エイミーの心配する声が聞こえるような気がしたが、それどころじゃない。
左手で右腕を押さえ膝で挟んだりしながら心の中で繰り返す。
鎮まれっ!
鎮まれ俺の右腕ぇっ!
このままじゃ俺の身体が持たないっ!
熱さは肘を超えた辺りから急速に全身に広がりはじめ、その感覚に堪らず倒れて転がりまわる。
そしてその熱さが頭に伝わった瞬間。
俺は気を失った――
--*--*--
目を覚ますと、知らない天井だった。
「ご主人様、お目覚めですか?」
「……エ…イミーか?」
「はい。お加減はいかがです?」
エイミーの言葉で意識を失う前の状態を思い出し、右手を見る。
熱さはすでに引いていた。
右手で拳を握ってみたり開いてみたりしてみても違和感はない。大丈夫そうだ。
「大丈夫だと思う……うん…って、ここは?」
「栄育院の医務室です。」
エイミーが心配そうな顔をしているので、ベッドから上半身を起こし自分の身体の様子を見る。
身体のどこにも熱が残っているような感じはしない。
妙に落ち着いている気分だ。
むしろそれどころか万能感といえばいいのか何でもできそうな気持ちすらあるように感じる。
エイミーに顔を向け、問題ない事を伝えると、エイミーはようやく安心したような表情を見せ話を始めた。
「ギルド職員の方のお話では、どうやらご主人様にとって、隠密のスキルは強力過ぎたようで、そのスキルに合うように身体の調整が行われたのだろうとの見解でした。
強力なスキルを得た場合などに時々ある事のようですが隠密のようなスキルの時には起こり難い事のようで説明がなかったそうです。」
まぁ漁師のスキルが強大なスキルという事は無いと考えていたんだろうな。
それに俺は元々がアンジェナに鼻で笑われる程度の強さしかないから、きっとその辺の事も絡んでいる可能性がある。
考えてみりゃあ漁師のじいちゃんは引退する年になるまでずっと磨き続けてたような能力だ。
その能力を全部を貰ったら、そりゃあ能力を貰った方の体にもなにかしらの異変が起きて当然と言えば当然な気がする。
「そっか……わかったよエイミー。ありがとう。悪かったね心配させて。」
エイミーは一瞬キョトンとし、すぐ居ずまいを正した。
「いえ、とんでもございません。ご主人様」
なんとなく、真面目な雰囲気なエイミーに違和感を覚える。
「どうかした? 俺、なんかおかしい?」
「い、いえ。その……ご主人様が御主人様っぽく感じられると言いますか……なんと言いますか。
いつものヘタ……なんでもございません! え、えと。
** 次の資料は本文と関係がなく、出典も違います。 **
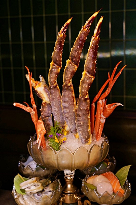 原本套餐搭配的是活體波士頓龍蝦,但我更推薦升級帝王蟹腳!視覺衝擊的海鮮塔,不只是浮誇,還讓你吃到滿滿高級海鮮,超巨的帝王蟹腳霸氣直立,加上旁邊的松葉蟹腳,看起來超有氣勢,最棒的是幫你做成蟹肉三吃,用不同方式品嚐新鮮海味

そんなに深く追求しないで頂けると嬉しいです。」
ほんのりと頬を染め、ドギマギとしているエイミー。
そんなエイミーの様子に何となく幼子のような可愛さを感じて失笑する。
「そうか。わかったよ。
さて、栄育院のお邪魔になるのもなんだし一度外に出ようか。」
「はっ! かしこまりました。」
栄育の外に向かう途中に別の係員と会い、お礼を言ってから外に出る。
「あ、そうでした。ご、御主人様。
気絶されておられる間に係の方から色々と言付かっております。
えっと、まずスキルを習得された方はギルドカードを更新した方が良いようです。」
「そうか。わかった。 じゃあ、これからギルドへ向かおう。」
「はっ! かしこまりました。」
「そうだ……折角だから向かいながら隠密を使ってみてもいいかな? 変化を感じたら教えて欲しい。」
「はっ。」
ギルドに向かいながら隠密を使用してみてエイミーが俺をどう捉えているか試してみた。
受けた印象を話してもらい、なんとなく理解できた。
簡単に言うとこの能力は透明人間だ。
相手に俺の存在を認識されていない状態の場合、『本気で隠れたい』と考えると、ピッタリ背後に居ても気づかれないし、こっちを意識していない人間。例えば通行人などは肩がぶつかったりするくらいの距離で、ようやく気が付き、向こうがとても驚いていた。
とんでもないスキルだ。
ただ本気でやるとどんどん疲れが溜まってくるような感覚になり、あまり多用はでき無さそう。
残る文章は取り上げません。